Saturday, January 9, 2016

Your guide to adopting an NPB Team part 6: Chunichi Dragons (中日ドラゴンズ)

Chunichi Dragons (中日ドラゴンズ)

Update: Found this post? Here's a 2020 revised edition

The Chunichi (中日) Dragons have been around since 1950 as a professional team, but had multiple nicknames including "Nagoya Dragons" in their history. They've kept the title of Chunichi Dragons since 1954. The Dragons were the same team featured in the movie "Mr. Baseball."

Ownership: Chunichi Shimbun

Chunichi is another media outlet like Yomiuri. They're a newspaper that operates in Aichi prefecture.  


League: Central


Payroll rank in 2015: 6

The Dragons used to be a team that was near the top in spending, but their recent budget has put them with the rest of the pack in NPB. This number could go down for 2016 depending on how raises and paycuts were. 


Location: Nagoya Dome in Nagoya, Aichi prefecture 

Nagoya is in the Chubu region, which is between Kansai and Kanto. It's the third highest populated area in Japan and the most well-known building is Nagoya Castle, which is seen on rocks.  Nagoya is home to the headquarters of various Mitsubishi branches as well as Toyota. In terms of food, Nagoya is known for a special chicken as well as a red miso.

Nagoya Dome has been the Dragons' home since 1997. It's the ultimate pitcher's park in the Central League and is notable for having high foul poles which appears to touch the roof. 

Nagoya Stadium is where the Dragons originally played in as it's the same building where Mr. Baseball was filmed. Today, it's been renovated for the Dragons' ni-gun farm games with less seating capacity, but it's still in operation. A full game clip of how it used to look can be seen here.
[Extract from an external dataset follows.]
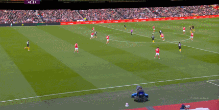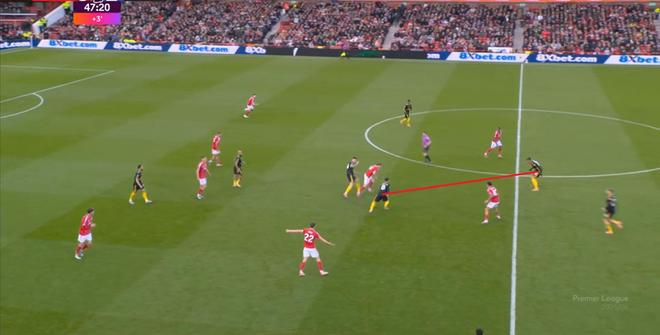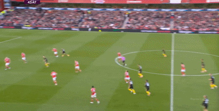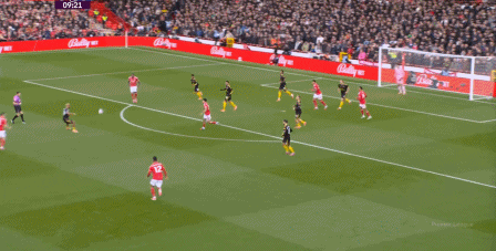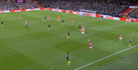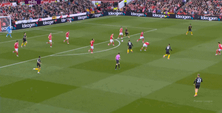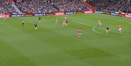 这个时候的曼联选择强攻,除了这脚通过卡塞米罗的前插,为布鲁诺拉出远射中柱的空间之外: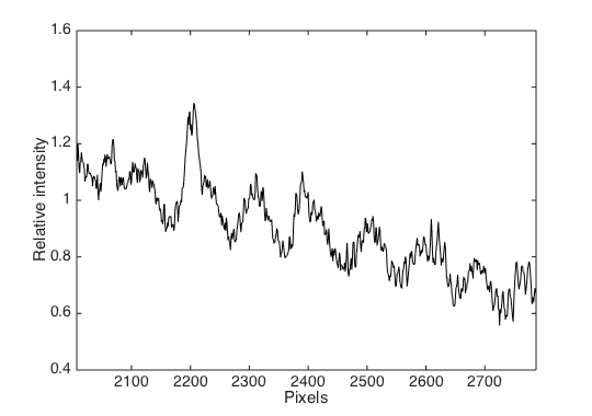 The high and low frequency ripples are clearly visible. It is the crucial point. Our major problem is the temporal instability of the fringe pattern. Below, a demonstration on a part of Υ Cas star spectrum. The sequence represents only 6 minutes of observation (!). During this interval the shifting of the fringes is important (especially the wide period system). In these non reproducible conditions, the correct calibration of the fringes is virtually impossible. Temperature drift of the camera detector (not regulated) is a possible explanation ?

Primary Uniforms: Made by Asics

New Home uniform for 2017
The Dragons used to wear uniforms (with permission) that resembled the Los Angeles Dodgers from 1987-1996, but their current design is based on something they wore in the 1960s, according to NPB Card guy (Dave).


Mascot: Doala

Doala is not a Dragon, but the mascot idea comes from the koalas who entered the local zoo in Nagoya in 1984. As a way to take advantage of the koalas, the marketing team came up with Doala and fans would eat it up. The mascot known for doing flips and was even "reported" to have signed for 750 grams of bread.


Cheer song:  Moeyo Dragons (燃えよドラゴンズ) "Light'em up Dragons"

The Dragons are one of three teams who doesn't use balloons during their Lucky 7 time in Nagoya Dome. Fans will hold up their scarves or towels instead. Balloons aren't banned, but they rarely happen compared to other teams who use them every time.  Here is photo evidence of balloons in Nagoya Dome.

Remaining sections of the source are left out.